My machine in question has just run out of memory and crashed. It had been operating OK until I tried to copy a set of Fedora ISO files to it's NFS share. I conclude that the bugs which Steve fixed were not the ones that afflict my machine.
I'm now upgrading it to 2.6.15-1.2009.4.2_FC5, I'll see if that fixes it.
On Sunday 05 March 2006 13:58, Russell Coker russell@coker.com.au wrote:
On Friday 03 March 2006 09:57, Russell Coker russell@coker.com.au wrote:
Below is the output of running uptime immediately after free on two occasions. The buffers, cached, and free memory numbers have decreased. Does this indicate a leak? The machine is totally idle, I have had a single ssh session open for all this time, no-one else has logged in, and it's not being used for any server tasks apart from light DNS serving.

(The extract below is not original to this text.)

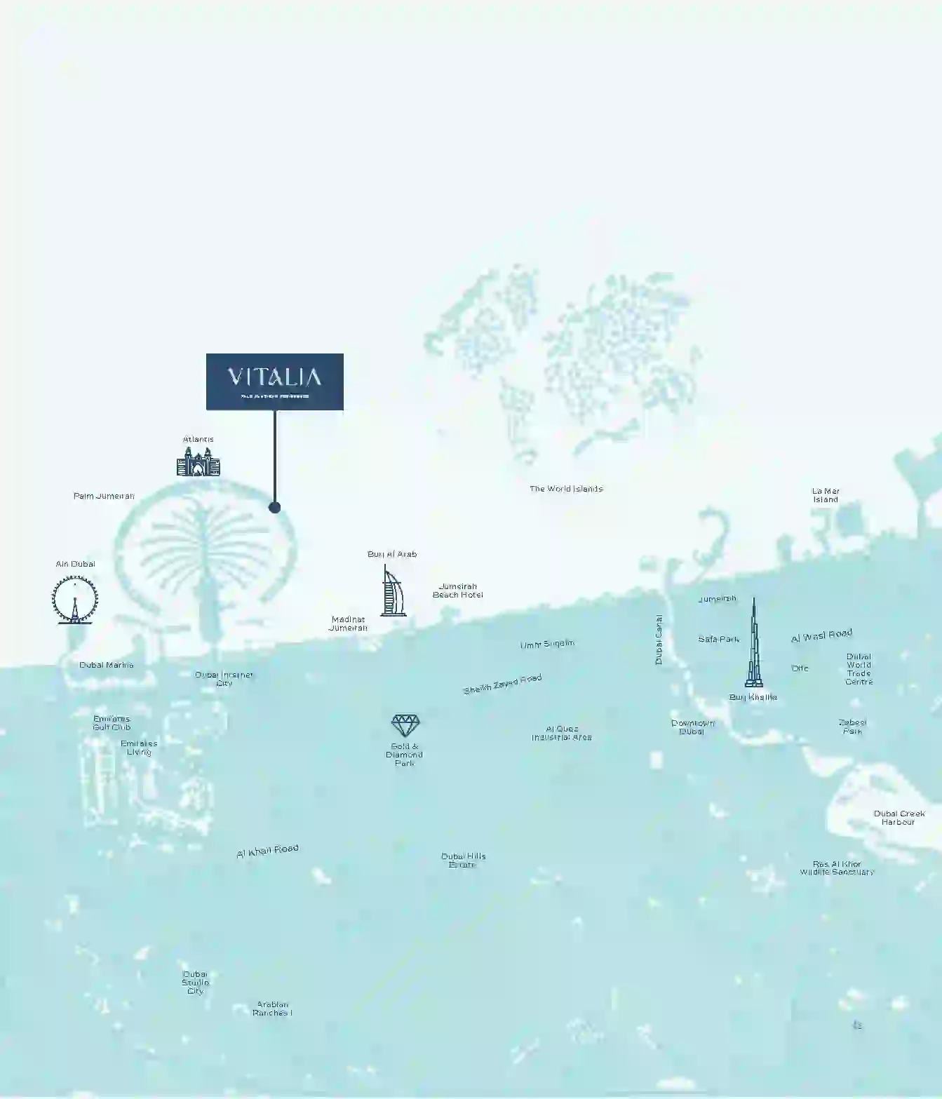 پالم جمیرا – Palm Jumeirah، جزیره مصنوعی نمادین دبی، بهعنوان یکی از برترین مناطق مسکونی و تفریحی شناخته میشود. ویتالیا رزیدنس – Vitalia Residence در هلال شرقی این جزیره واقع شده و دسترسی آسان و سریع به جاده شیخ زاید (E11) دارد که ارتباط سریع با مراکز اصلی شهر را فراهم میکند. نزدیکی به مکانهایی مانند هتل ریزورت آنانتارا پالم دبی (۵ دقیقه)، پارک آبی آکوادونچر (۱۵ دقیقه)، مرکز خرید نخیل (۱۲ دقیقه)، دبی مارینا (۲۰ دقیقه) و مدینه جمیرا (۲۲ دقیقه) از دیگر مزایای این موقعیت مکانی است. این ویژگیها، ویتالیا رزیدنس – Vitalia Residence را به مکانی ایدهآل برای زندگی لوکس با دسترسی آسان تبدیل کرده است.

My machine in question has just run out of memory and crashed. It had been operating OK until I tried to copy a set of Fedora ISO files to it's NFS share. I conclude that the bugs which Steve fixed were not the ones that afflict my machine.
I'm now upgrading it to 2.6.15-1.2009.4.2_FC5, I'll see if that fixes it.
The machine in question has been running 2.6.15-1.2032.2.3_FC5.lspp.12 for over 8 days now with no sign of a memory leak (and incidentally the load on the machine has increased). I believe that 2.6.15-1.2032.2.3_FC5.lspp.12 has fixed the memory leak problems I experienced.